Your task is to restate word for word the lines in the material below, from the one with "回到山式站立,双手在胸前合十,但手指尽量张开,帮助安定神经." up to and including the one with "W wozie jest". Do not carry over the pictures.

-------- Supplied data

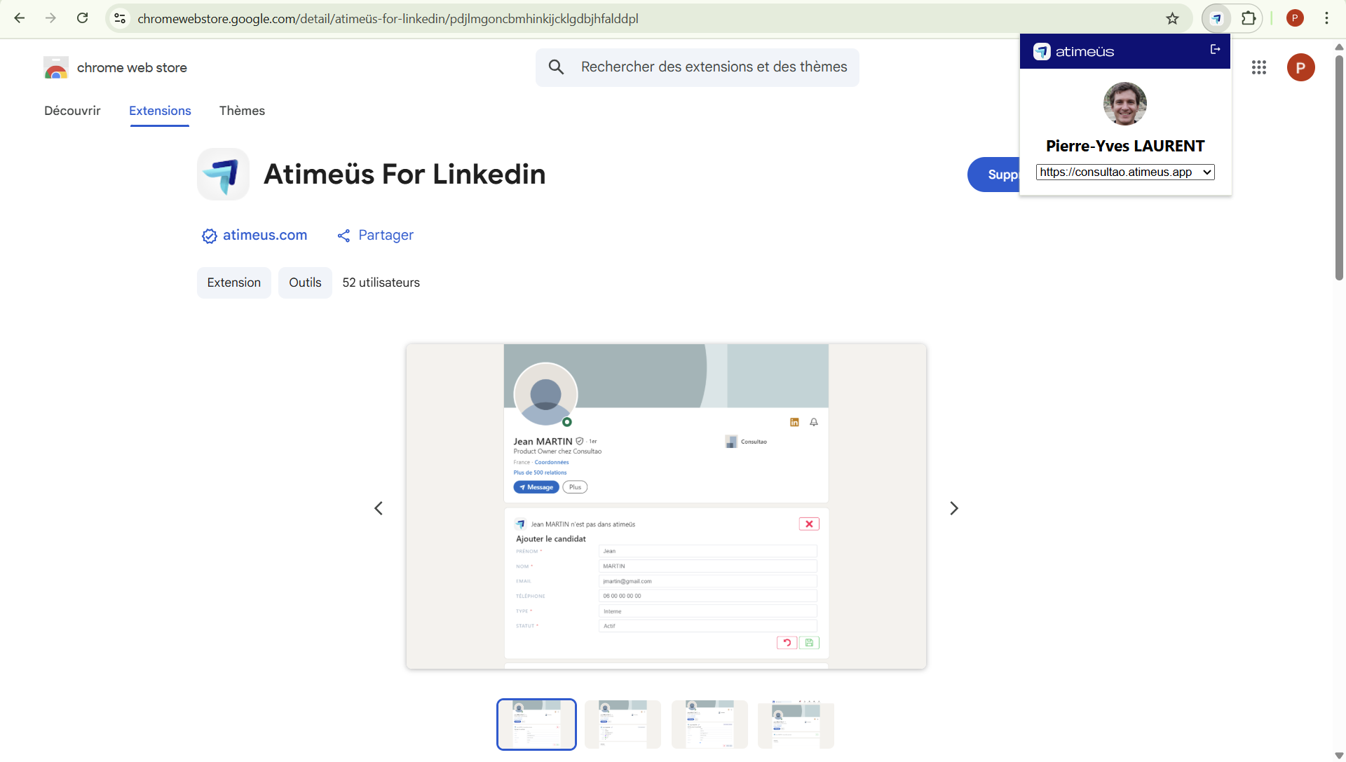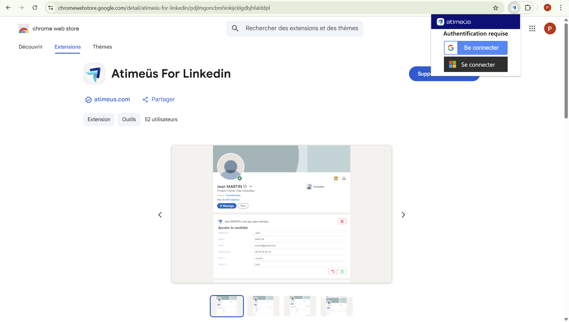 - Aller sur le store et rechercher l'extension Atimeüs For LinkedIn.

----------------
-------- Supplied data

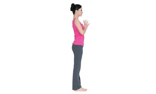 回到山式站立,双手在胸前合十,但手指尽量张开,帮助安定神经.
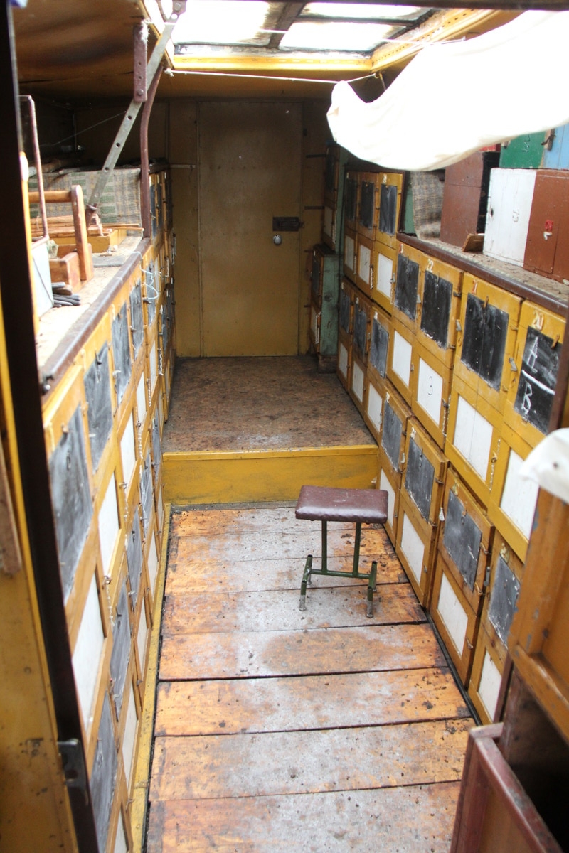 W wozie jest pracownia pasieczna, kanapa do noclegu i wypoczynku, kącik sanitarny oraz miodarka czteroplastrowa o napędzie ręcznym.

----------------

Response for this exercise:
 回到山式站立,双手在胸前合十,但手指尽量张开,帮助安定神经.
 W wozie jest pracownia pasieczna, kanapa do noclegu i wypoczynku, kącik sanitarny oraz miodarka czteroplastrowa o napędzie ręcznym.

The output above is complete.